- Information provided
******
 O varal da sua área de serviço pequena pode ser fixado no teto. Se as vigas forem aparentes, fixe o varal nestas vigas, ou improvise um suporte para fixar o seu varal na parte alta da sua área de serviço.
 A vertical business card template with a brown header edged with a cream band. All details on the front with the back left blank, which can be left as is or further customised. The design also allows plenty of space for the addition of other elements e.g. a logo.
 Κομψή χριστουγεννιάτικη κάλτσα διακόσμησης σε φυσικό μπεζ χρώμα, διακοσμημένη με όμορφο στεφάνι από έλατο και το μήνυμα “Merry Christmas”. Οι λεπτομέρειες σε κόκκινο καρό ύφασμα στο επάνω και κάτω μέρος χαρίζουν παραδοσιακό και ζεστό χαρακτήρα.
******
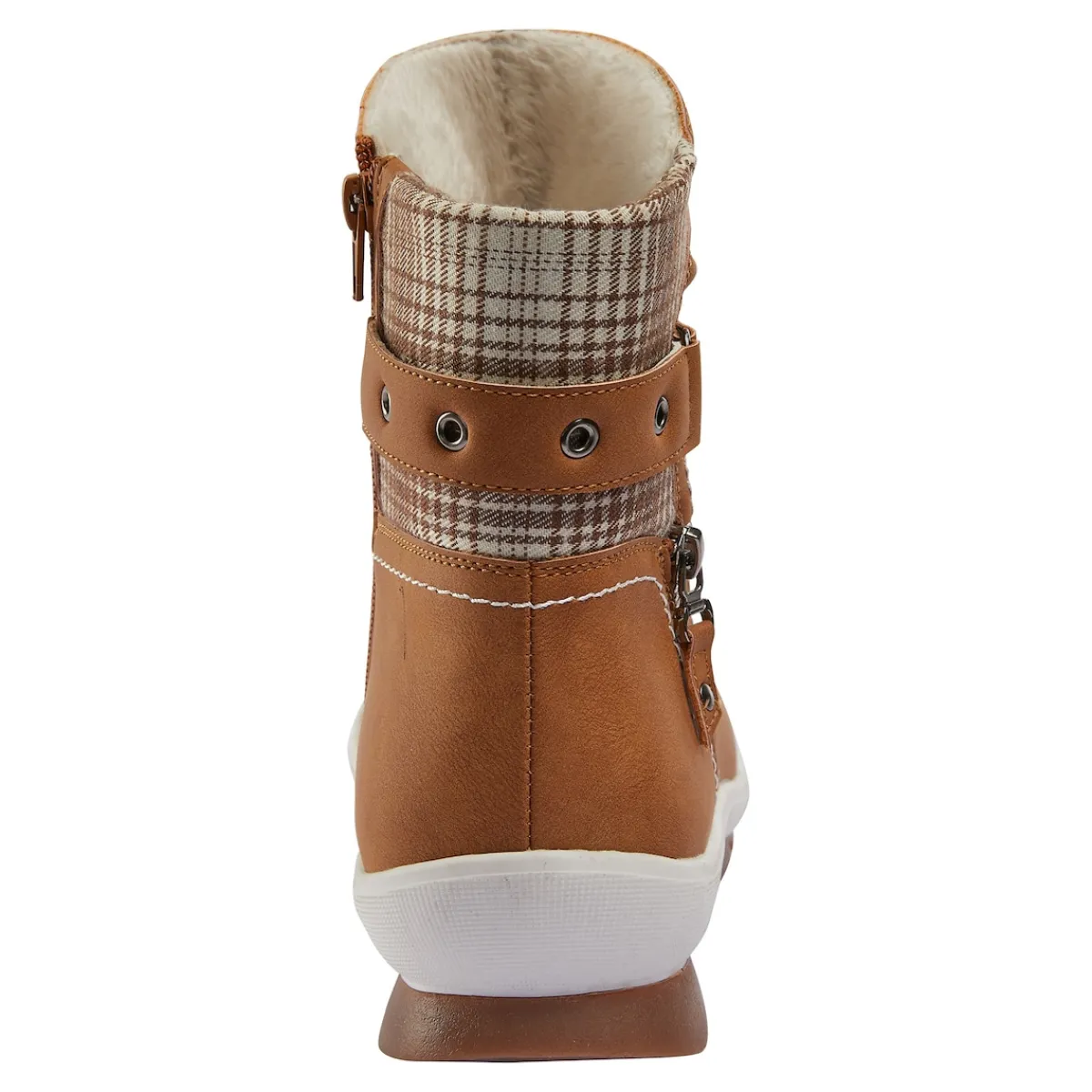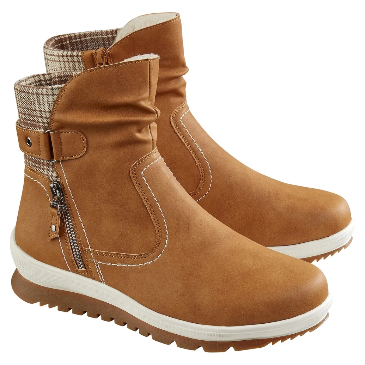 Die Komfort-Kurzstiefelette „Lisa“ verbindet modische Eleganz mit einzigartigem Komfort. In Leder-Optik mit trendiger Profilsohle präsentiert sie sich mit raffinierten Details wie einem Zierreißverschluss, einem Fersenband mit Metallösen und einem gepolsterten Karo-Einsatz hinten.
******
- Exercise description
In the listing above, locate the line with "O varal da sua" and the line with "Κομψή χριστουγεννιάτικη κάλτσα", then extract exactly those lines and every line between them, and nothing more.

- Solved exercise
 O varal da sua área de serviço pequena pode ser fixado no teto. Se as vigas forem aparentes, fixe o varal nestas vigas, ou improvise um suporte para fixar o seu varal na parte alta da sua área de serviço.
 A vertical business card template with a brown header edged with a cream band. All details on the front with the back left blank, which can be left as is or further customised. The design also allows plenty of space for the addition of other elements e.g. a logo.
 Κομψή χριστουγεννιάτικη κάλτσα διακόσμησης σε φυσικό μπεζ χρώμα, διακοσμημένη με όμορφο στεφάνι από έλατο και το μήνυμα “Merry Christmas”. Οι λεπτομέρειες σε κόκκινο καρό ύφασμα στο επάνω και κάτω μέρος χαρίζουν παραδοσιακό και ζεστό χαρακτήρα.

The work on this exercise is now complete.